An article by Hermann Wäschke records the following:
Christian Bock with his wife and one child that died. He left his father behind. His married stepsister took over his debt-ridden house. She lives in Delitsch and is married to the (unnamed) rag picker (Lumpensammler) Bezink. Both Bock and his wife were born in Gohrau in the district of Dessau.
Christian Bock, a farmer, and his wife arrived from Lübeck at the port of Oranienbaum on 4 July 1766 aboard the English frigate Love & Unity under the command of Skipper Thomas Fairfax.
Christi. Bock and his wife Dorothea are recorded on the list of colonists being transported from St. Petersburg to Saratov in 1767.
They settled in the Volga German colony of Boisroux on 7 June 1767 and are recorded there on the 1767 census in Household No. 28.
The descendants of Christian Bock are recorded on the 1834 census of Boisroux in Households No. 10, 34, 42, & 50.

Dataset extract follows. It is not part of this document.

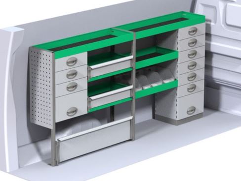 Kuormatilan mittainen hyllyratkaisu kuudella vetolaatikolla vasemmalle puolelle tavaratilaa. Valmistaja Modul System.

The 1767 census records that Christian Bock came from the German village of Gohren in the region of Dessau.
- 1834 Boisroux Census (Households No. 10, 34, 42, 50).

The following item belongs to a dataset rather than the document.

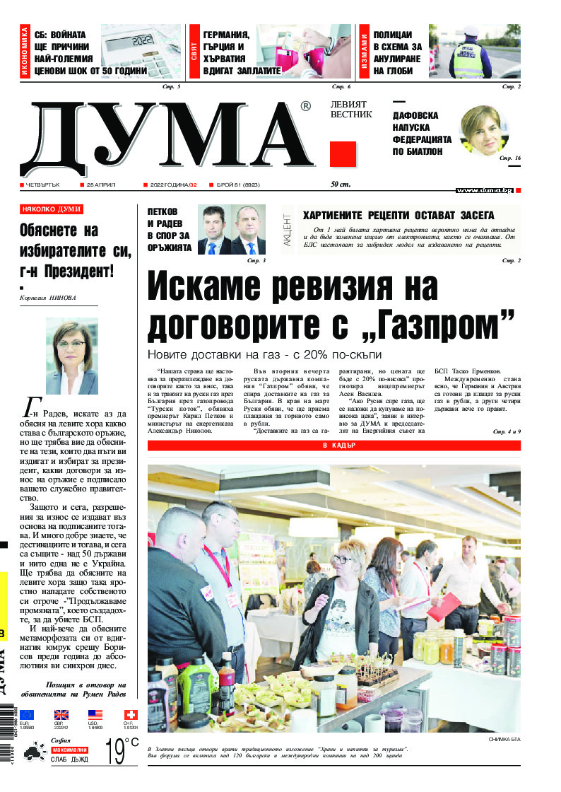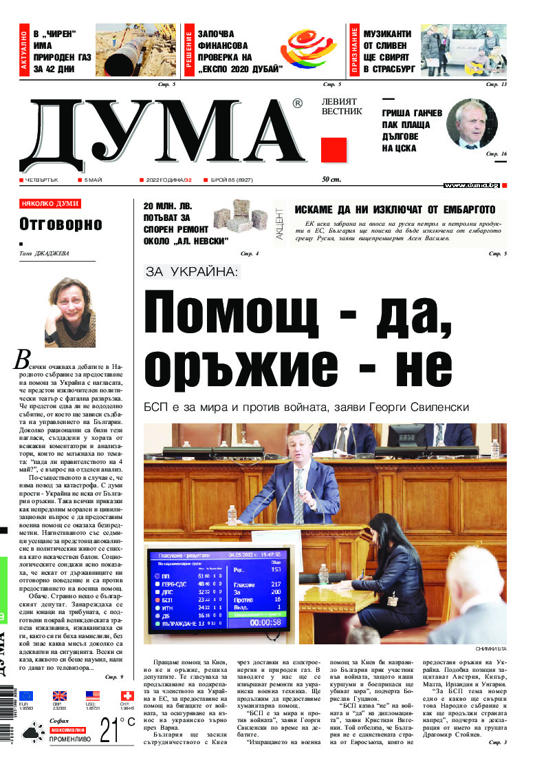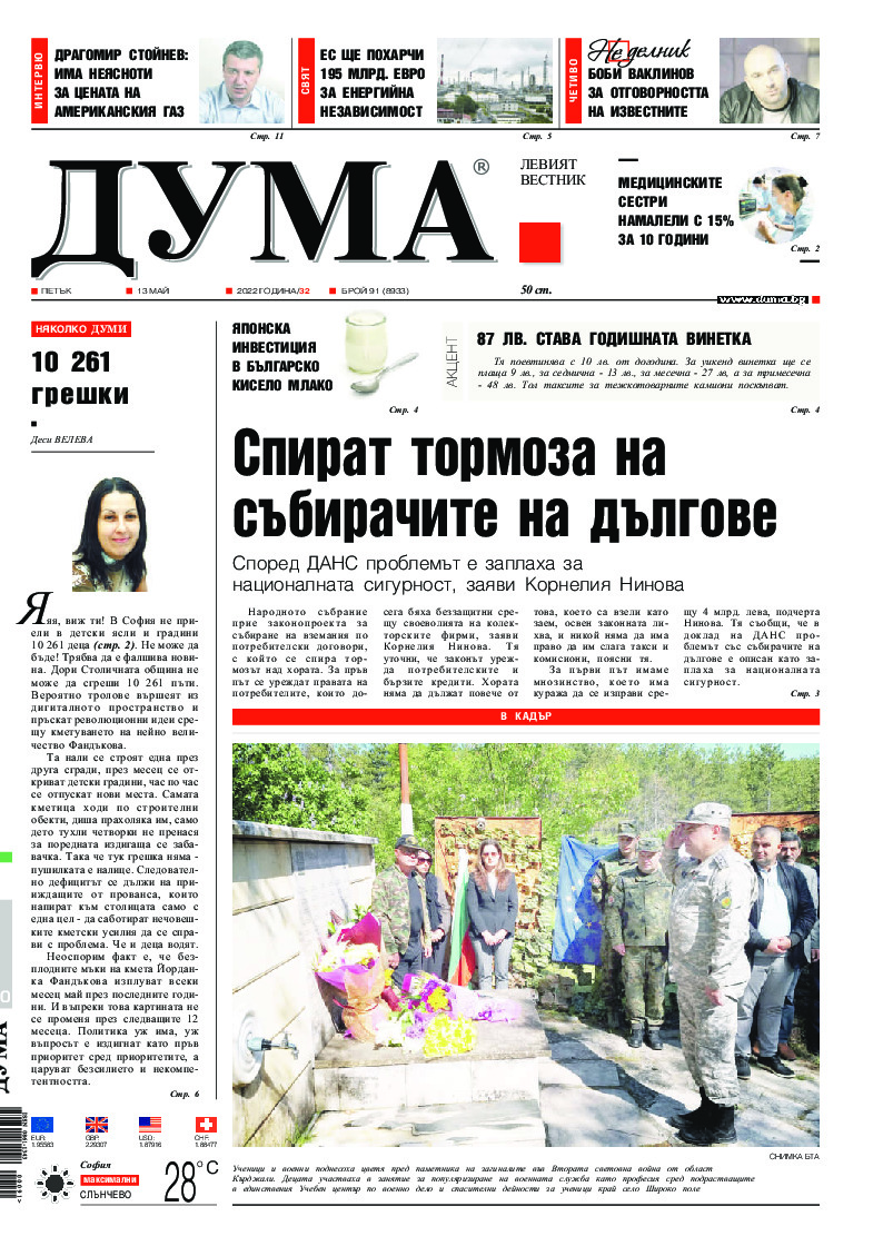 АБОНАМЕНТ за вестник „ДУМА“ за 2026 година. Можете да се абонирате в: „Български пощи“ АД до 15 декември 2025 г., „Доби прес“ ЕООД до 28 декември 2025 г., в редакцията на вестника до 20 декември 2025 г. Каталожен номер 6. Цени: 12 месеца - 149 € / 291,42 лв., 6 месеца - 75 € / 146,69 лв., 3 месеца - 40 € / 78,23 лв., 1 месец - 14 € / 27,38 лв. За повече информация тел. 02 9705 203 и 02 9705 216 отдел „Разпространение” на в-к ДУМА на ул. „Позитано” 20 А. E-mail: abonament@duma.bg АБОНАМЕНТ за вестник „ДУМА“ за 2026 година. Можете да се абонирате в: „Български пощи“ АД до 15 декември 2025 г., „Доби прес“ ЕООД до 28 декември 2025 г., в редакцията на вестника до 20 декември 2025 г. Каталожен номер 6. Цени: 12 месеца - 149 € / 291,42 лв., 6 месеца - 75 € / 146,69 лв., 3 месеца - 40 € / 78,23 лв., 1 месец - 14 € / 27,38 лв. За повече информация тел. 02 9705 203 и 02 9705 216 отдел „Разпространение” на в-к ДУМА на ул. „Позитано” 20 А. E-mail: abonament@duma.bg

- Mai, Brent Alan. 1798 Census of the German Colonies along the Volga: Economy, Population, and Agriculture (Lincoln, NE: American Historical Society of Germans from Russia, 1999): Bx05, Bx23.
- Mai, Brent Alan and Dona Reeves-Marquardt. German Migration to the Russian Volga (1764-1767) (Lincoln, NE: American Historical Society of Germans from Russia, 2003): #1056.

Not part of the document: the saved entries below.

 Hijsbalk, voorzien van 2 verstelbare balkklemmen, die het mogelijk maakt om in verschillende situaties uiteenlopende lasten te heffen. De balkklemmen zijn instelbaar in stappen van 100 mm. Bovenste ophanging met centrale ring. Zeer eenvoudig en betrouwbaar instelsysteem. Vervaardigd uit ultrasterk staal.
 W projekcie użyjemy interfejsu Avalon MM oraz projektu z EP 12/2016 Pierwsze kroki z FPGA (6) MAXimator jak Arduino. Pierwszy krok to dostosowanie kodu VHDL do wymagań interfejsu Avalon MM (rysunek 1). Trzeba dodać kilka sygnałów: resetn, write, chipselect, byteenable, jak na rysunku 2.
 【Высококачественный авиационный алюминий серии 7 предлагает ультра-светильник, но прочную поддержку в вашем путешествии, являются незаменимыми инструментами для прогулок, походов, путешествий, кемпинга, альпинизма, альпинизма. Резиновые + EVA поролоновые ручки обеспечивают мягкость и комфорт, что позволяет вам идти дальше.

- Pleve, Igor. Einwanderung in das Wolgagebiet, 1764-1767 Band 1 (Göttingen: Der Göttinger Arbeitskreis, 1999): 145.
- Pleve, Igor. Lists of Colonists to Russia in 1766: Reports by Ivan Kulberg (Saratov: Saratov State Technical University, 2010): #1339.
- Rauschenbach, Georg. Deutsche Kolonisten auf dem Weg von St. Petersburg nach Saratow: Transportlisten von 1766-1767 (Moscow: G.V. Rauschenbach, 2017): #0675-0676.
- Wäschke, Hermann. "Deutsche Familien in Russland" in Roland, Archiv für Stamm- und Wappenkunde, Jubiläumsschrift, 18 January 1912: 83.